| name | git-push |
| description | Use when the user explicitly asks to commit and push the current repository changes. Suitable for analyzing current changes, generating an English commit message that follows the repo's conventions, and completing the push. Not suitable for status-only checks, local-only commits, push-disallowed contexts, or any case where the user has not explicitly asked to write to the remote. |
Git Push
Only use this skill when the user explicitly asks to commit and push.
Workflow
- Run
git pull first to fetch the latest remote changes.
- If the pull output contains conflict markers such as
CONFLICT or Merge conflict, stop immediately — do not commit or push — and clearly list the conflicting files.
- Analyze the changes in parallel:
git status --short
git diff HEAD
- Generate an English commit message.

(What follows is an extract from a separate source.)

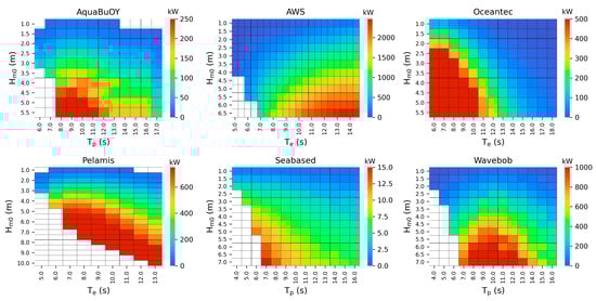 The different technologies of devices naturally impact the performances and the optimal range of energy conversion with respect to classes of significant wave height and wave period. They result in contrasting variations between WEC power matrices (Figure 3). Thus, AquabuOY, Seabased and Oceantec show higher electricity production for waves with reduced periods, typically below 10 s, whereas AWS and Wavebob tend to show higher performances for increased wave periods. This is especially the case for AWS, which reaches its rated power for wave energy periods greater than 13 s. Whereas Pelamis shows good performances over an extended range of wave periods, the device enters safety mode for high significant wave heights and low wave periods to guarantee the protection of the structure, thus restricting the energy extraction to a reduced power band. However, with the exceptions of AquabuOY and Oceantec, these different devices are characterised by higher performances for significant wave heights over 5.5 m, typically energetic conditions of offshore waters.

The commit type must be chosen from:
Feat
Fix
Doc
Style
Update
Refactor
Test
Framework
Revert
- The commit message format must be:
Type: brief summary of the change
- Change detail 1
- Change detail 2
- Do not add any AI-generated sign-off.
- In the main repository, run:
git add .
git restore --staged .env.development 2>/dev/null || true (only skip committing .env.development; keep the local edits)
- Commit with the multi-line message
git push
- After completion, report the commit hash, commit message, current branch, and push result.
Rules
- If there are no changes, stop and explain that no commit is needed.
- If commitlint or a git hook fails, fix the message or the underlying issue and retry; do not bypass validation.
- Do not use interactive git commands.
- Only push to the remote when the user has explicitly asked for a push.
.env.development changes must be removed from the staging area before commit; do not implement the exclusion by modifying .gitignore.